Adeta her biri izzet’in okulundan mezun olmuş gibi ümmetin izzetini koruyarak ders veriyor bizlere. Başı dik, güzel bir birlik ve beraberlik içinde.

Direniş, izzettir, şereftir, payedir. Bugün onu koruyan da, zulme ve zalim işgalcıya karşı dik duran da Filistinli kardeşlerimizdir.

Allah’a ve Resûlüne iman ve mü’minlerle dostluk, birlik ve beraberliktedir. İzzeti kazanmak kadar onu korumak da önemlidir.

İçinde bulunduğumuz süreç, bir imtihan süreci olup Mecid-i  Aksa’nın ve Kudüs’ün onuru için saf tutanlarla yan yana olma sürecidir. Siyonist işgalciden çekinenler ne birey ne de devlet bazında izzeti tadamayanlardır.

Yapılan onca protesto ve yürüyüşlerle inananlar ve insanlığını kaybetmeyenler saflarını göstermiş, ilgalciye kul köle olanlar ise köleliklerine devam etmişlerdir.

Bu gerçeğin anlaşılması için;

“KUDÜS, İLK KIBLEMİZDİR.”  

Hakikatini, siz değerli okuyucularımızla paylaşmak ihtiyacını duydum. Bu ireyi ve toplumu bu konuda bilinçli kılmak ve geliştirmek adına buna ihtiyaç olduğuna işaret etmek istedim.

“Bir gece, kendisine ayetlerimizden bir kısmını gösterelim diye (Muhammed) kulunu Mescid-i Harâm’dan, çevresini mübarek kıldığımız Mescid-i Aksâ’ya götüren Allah noksan sıfatlardan münezzehtir;  O, (her şeyi) işitendir, görendir.”  (İsra, 1)
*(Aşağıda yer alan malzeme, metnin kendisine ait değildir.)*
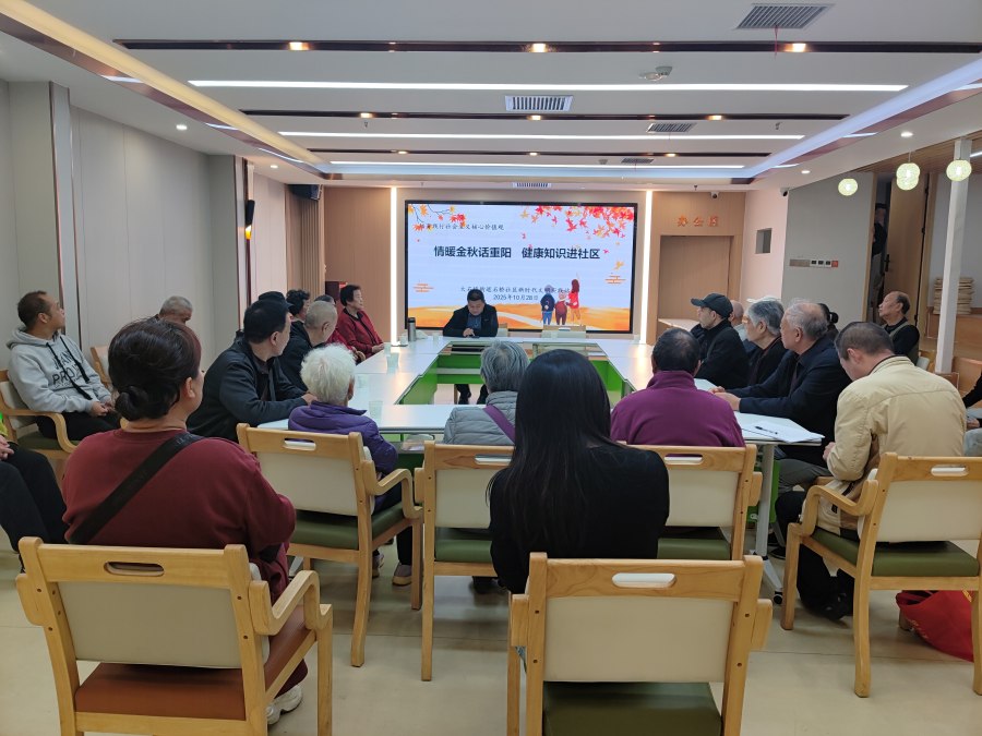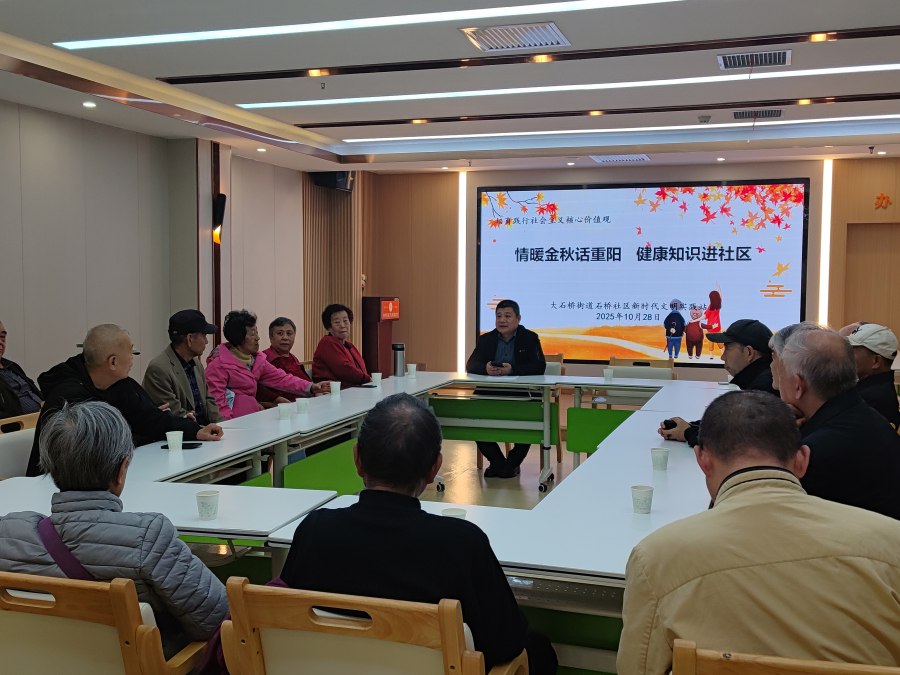 金秋送爽,丹桂飘香。在一年一度的重阳佳节来临之际,为弘扬中华民族尊老、敬老、爱老、助老的传统美德,关爱社区老年人的身心健康,10月28日下午,大石桥街道石桥社区新时代文明实践站在街道养老服务中心,成功举办了一场以“情暖重阳,健康相伴”为主题的重阳节健康养生知识讲座,吸引了辖区众多老年朋友踊跃参与。

Ebu Hureyre’den (radıyallahu anh) rivayet edilmiştir. De ki: Peygamber (sallallahu aleyhi ve sellem) şöyle buyurdu:  “Üç mescidin dışında (herhangi bir mecide doğru) yolculuğa çıkılma:  Mescid’ül Harâm, Mescid’ül Nebevi ve Mescid’ül Aksa (Buhari, bu Hac 26)

Mescid’ül Aksa; Mescid’ül Harâm ve Mescid-ül Nebevi’den sonra en faziletli mesciddir. Birçok enbiya’ya beşiklik eden Kudüs şehri de Mescid’ül Aksa’nın bulunduğu şehir olması hesabıyla mukaddes bir belde olup maddeden ve manen bereketli kılınmıştır.

KUDÜS MUKADDES BİR BELDEDİR

Allah Teâlâ buyuruyor: “(Musa şöyle demişti:) Ey kavmim! Allah’ın size va’dettiği Mukaddes topraklara giriniz.” (Maide, 21)

Beydavi (rahimehullah) tefsirinde “Mukaddes Toprak Beytü’l Makdis toprağıdır. Mukaddestir. Zira peygamberlerin karârgahı Ve Mü’minlerin meskenidir.” demiştir.

Kudüs Peygamber Efendimiz’in (sav) İsra hadisesinden son durağıdır.

Resulullah (sav) Mekke’den Ka’be-i Muazzama civarından, bir gece Burak adında bir binek ile Cebrail Aleyhisselam’ın refakatinde Kudüs’te bulunan Mevcud-ül Aksa’ya götürülmüştür. Orada hazır bulunan enbiya’ya İmam olup 2 rekât namaz kılmıştır.

Kudüs Peygamber Efendimizin Mi’raca çıktığı yerdir.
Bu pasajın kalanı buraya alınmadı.